DATASET CONTENT:
########

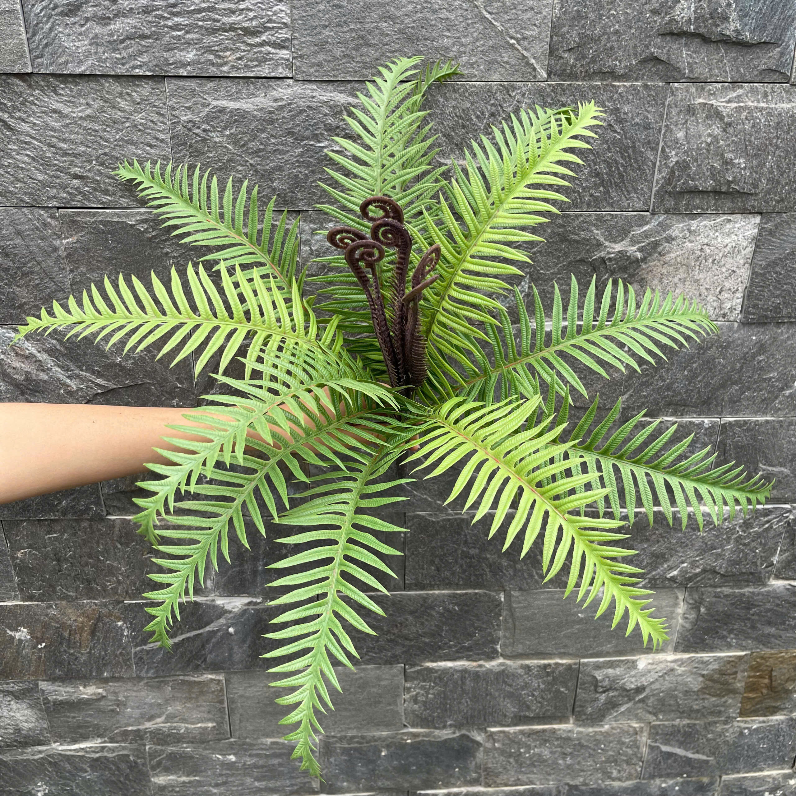 Cây dương xỉ có cuống thép bọc nhựa PVC Cành lá nhân tạo thường được dùng để làm những bức tường cây giả trang trí Tường cây, vườn đứng là phương pháp trồng cây nghệ thuật trên tường là kiểu kiến trúc xanh độc đáo với phong cách mang thiên nhiên gần với con người. Vườn đứng có thể trông ở trong không gian nhà bạn mà không mất diện tích, từ sân vườn, ban công, hiên sảnh, mái nhà, mảng tường.v.v. đều có thể trở thành những bức tường xanh mát,
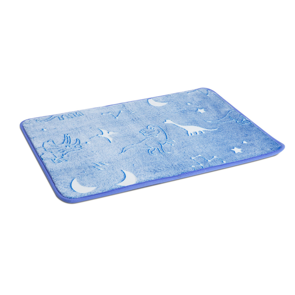 Pamutból készült, éppen ezért extra puhasággal rendelkező szőnyeg. A gyermekek köztudott, hogy szeretnek a földön játszani, így ideális minden gyerekszobába, de alkalmas lehet fürdőszobák díszeként is. A szőnyeg foszforeszkáló pigmenteket tartalmaz, így természetes és mesterséges fény hatására is feltöltődik, sötétben pedig zöldes fénnyel ragyog. Az élénk kék szín és a dinoszauruszos minta vidám hangulatot varázsol bármely helyiségbe. A csúszásmentes, gumis hátoldalnak köszönhetően nem mozdul el, biztonságosan használható.
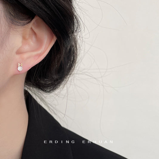 C廠【3782】迷你版小巧個性字母微鑲鋯石H時尚通勤百搭鍍14K銀針耳環 24.04-1

########

WHAT IS NEEDED: Would you reproduce the listing above exactly, without any of its images?

RESPONSE FOR THIS EXERCISE:
 Cây dương xỉ có cuống thép bọc nhựa PVC Cành lá nhân tạo thường được dùng để làm những bức tường cây giả trang trí Tường cây, vườn đứng là phương pháp trồng cây nghệ thuật trên tường là kiểu kiến trúc xanh độc đáo với phong cách mang thiên nhiên gần với con người. Vườn đứng có thể trông ở trong không gian nhà bạn mà không mất diện tích, từ sân vườn, ban công, hiên sảnh, mái nhà, mảng tường.v.v. đều có thể trở thành những bức tường xanh mát,
 Pamutból készült, éppen ezért extra puhasággal rendelkező szőnyeg. A gyermekek köztudott, hogy szeretnek a földön játszani, így ideális minden gyerekszobába, de alkalmas lehet fürdőszobák díszeként is. A szőnyeg foszforeszkáló pigmenteket tartalmaz, így természetes és mesterséges fény hatására is feltöltődik, sötétben pedig zöldes fénnyel ragyog. Az élénk kék szín és a dinoszauruszos minta vidám hangulatot varázsol bármely helyiségbe. A csúszásmentes, gumis hátoldalnak köszönhetően nem mozdul el, biztonságosan használható.
 C廠【3782】迷你版小巧個性字母微鑲鋯石H時尚通勤百搭鍍14K銀針耳環 24.04-1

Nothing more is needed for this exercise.